DEUTSCH: And it’s cold!
DANIELS: And it’s really cold! But I loved [it]. I really flourished there. I learned that small and community isn’t oppressive. Whereas I think when I left, I felt like I needed to go somewhere new and I needed to find new things. But I learned how much I really appreciated people checking up on me and caring about me and wanting to make sure I was making good decisions, within the academic situation as well as personally.
DEUTSCH: Which is sort of a benefit of community.

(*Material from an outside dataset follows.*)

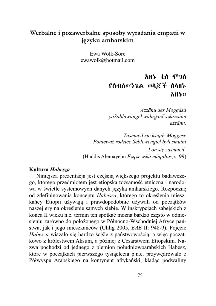 Werbalne i pozawerbalne sposoby wyrażania empatii w języku amharskim Ewa Wołk-Sore [email protected] A A Azzänu qes Moggäsä yäSäbläwängel wälaêoóó sélazzänu azzänu. Zasmucił się ksiądz Moggese Ponieważ rodzice Seblewengiel byli smutni I on się zasmucił. (Haddis Alemayehu Féqér éskä mäqabér, s. 99) Kultura Habesza Niniejsza prezentacja jest częścią większego projektu badawczego, którego przedmiotem jest etiopska tożsamość etniczna i narodowa w świetle systemowych danych języka amharskiego. Rozpocznę od zdefininowania konceptu Habesza, którego to określenia mieszkańcy Etiopii używają i prawdopodobnie używali od początków naszej ery na określenie samych siebie. W inskrypcjach sabejskich z końca II wieku n.e. termin ten spotkać można bardzo często w odniesieniu zarówno do położonego w Północno-Wschodniej Afryce państwa, jak i jego mieszkańców (Uhlig 2005, EAE II: 948-9). Pojęcie Habesza wiązało się bardzo ściśle z państwowością, a więc początkowo z królestwem Aksum, a później z Cesarstwem Etiopskim. Nazwa pochodzi od jednego z plemion południowoarabskich Habesz, które w początkach pierwszego tysiąclecia p.n.e. przywędrowało z Półwyspu Arabskiego na kontynent afrykański, kładąc podwaliny 75 cywilizacji nazywanej obecnie przez świat zewnętrzny cywilizacją etiopską, w samej zaś Etiopii wciąż znanej jako yäHabäša bahél – „kultura Habesza”. Termin ten jest źródłem nazwy państwa Abisynia, używanego powszechnie do połowy XX wieku, zanim zastąpiło ją biblijne określenie greckiego pochodzenia Etiopia (Mantel-Niećko 1987). U schyłku XIX wieku wraz ze znacznym poszerzeniem granic Cesarstwa Etiopskiego w jego skład weszło wiele sąsiadujących z nim dotychczas grup etnicznych, a termin Habesza, używany przez wieki głównie przez Etiopczyków o amharsko-tygrejskim pochodzeniu, rozszerzył swoje znaczenie i zaczął być stosowany przez wszystkich mieszkańców państwa etiopskiego chcących zaznaczyć swoją przynależność do kultury Habesza. Jednocześnie kultura ta wzbogacona została wieloma elementami charakterystycznymi dla kultur wcielonych przez nią ludów. Moim celem jest określenie różnych aspektów kultury Habesza u progu trzeciego tysiąclecia, w czasie dotykającej wszystkie cywilizacje, także etiopską, wszechobecnej globalizacji. W tym przedsięwzięciu jako materiał źródłowy posłuży głównie współczesna literatura amharska, język mediów oraz przykłady mowy potocznej pozyskane w wyniku wywiadów oraz uczestniczącej obserwacji. Język amharski pozostaje w Etiopii lingua franca, a liczba jego użytkowników stale rośnie: staje się on pierwszym językiem coraz większej liczby młodych Etiopczyków, którzy nie mówią już macierzystymi językami swoich rodziców (Meyer, Richter 2003). Jest również najchętniej wybierany jako drugi język, służąc komunikacji międzykulturowej i stając się jednym z wyznaczników kultury Habesza. Język a emocje Dotychczas w ramach tego projektu analizowane były różne sposoby werbalizowania pozytywnych i negatywnych emocji w perspektywie społecznej wśród użytkowników języka amharskiego. Emocje stanowią bowiem bardzo ważną część naszego życia jako jednostek, a werbalne i pozawerbalne sposoby ich okazywania są wizytówką społeczeństwa, do którego należymy, mówiąc wiele o wartościach, jakim ono hołduje (Athanasiadou, Tabakowska 1998, 76 Harkins, Wierzbicka 2001, Santangelo 2006). Emocje wyrażane w różny sposób w różnych kulturach i językach są również integralną częścią językowego obrazu świata charakterystycznego dla tych kultur (Bartmiński 2006). Świadomość faktu, że świat składa się z wielu jego obrazów kształtowanych przez rozmaite czynniki ma wielkie znaczenie w relacjach międzykulturowych i prowadzi do głębszej wiedzy pragmatycznej, a także zrozumienia różnych zachowań. Walter Ong zauważył na przykład, że cywilizacje, w których słowo mówione kształtowało świadomość społeczną, takie jak cywilizacja etiopska, różnią się od tych, u których podstaw legło słowo pisane tym, że są bardziej empatyczne i zaangażowane (Ong 1999). Badania naukowe dotyczące emocji w języku amharskim rozpoczął dopiero niedawno Mengistu Amberber (2001) rozważaniami nad tym, czy proponowane przez Annę Wierzbicką uniwersalia językowe opisujące emocje potwierdzają się w języku amharskim. Autor, prezentując ogólny obraz semantyki niektórych wyrażeń emotywnych, wyłonił semantyczne jednostki elementarne definiujące pozytywne i negatywne emocje w języku amharskim za pomocą rdzeni: (1) dässätä ‘cieszyć się’ oraz (2) A azzänä ‘smucić się’ Ściśle związana z pozytywnymi i negatywnymi emocjami empatia jest bardzo ważna w kulturze Habesza: wspieranie bliskich w smutku (A azzän), a także dzielenie ich radości ( dässéta) jest wręcz uważane za obowiązek każdego sąsiada, przyjaciela, nie wspominając o osobach bardzo bliskich, jak członkowie rodziny. Empatia po amharsku Współodczuwanie widoczne jest w Etiopii na każdym kroku, począwszy od powszechnego wspierania datkami ubogich. Znamienne określanie żebraków jako: (3) yäne béte ‘ktoś taki jak ja, w moim rodzaju’ 77 jest niczym innym jak właśnie wyrazem empatii i niejako emocjonalnego dzielenia ich losu. Służący wywołaniu empatii charakterystyczny gest wyciągniętej ręki, bądź też inny imitujący wkładanie do ust kawałka yndżery (etiopskiego chleba) z towarzyszącym temu charakterystycznym cmokaniem nigdy nie pozostaje bez odpowiedzi w postaci jałmużny lub przynajmniej formuły: (4) EA !"#/% égziabher yéstéh/š ‘niech Bóg Ci m/f da’ wypowiadanej w przekonaniu, iż kiedy los się odwróci, Bóg nie pozostanie obojętny na potrzeby osoby wymawiającej te słowa. Fortuna bowiem kołem się toczy i co jest dziś twoim udziałem, jutro może sp

DANIELS: Exactly. I had to leave to really appreciate it. [I was] walking around Capitol Hill when I was 15, [thinking] “Why does this person want to know what I’m doing, can’t I just walk in peace?” Whereas, when I went to school in Northfield, Minnesota, a town of 14,000, I went to the same coffee shop every single day—Hattie’s—and I had my Americano [coffee] when I sat and watched the snow fall and studied. There was a group of ladies who met every single day and just had a little coffee time with each other. If I didn’t show up for a week and I finally showed up, they would ask how I was doing. And it all of a sudden stopped being, “Gosh, they’re in my business,” to [knowing] they really were wondering am I okay. And I started to appreciate Capitol Hill in a much different way, being able to find that it was out of thoughtfulness rather than malice.
DEUTSCH: That’s very interesting.
DANIELS: I loved going to school in Minnesota though. It was a small town. It was a small town very much in the same way that Capitol Hill is a small town.
DEUTSCH: Although it’s a real small town.
DANIELS: It was a real small town. [Laughs]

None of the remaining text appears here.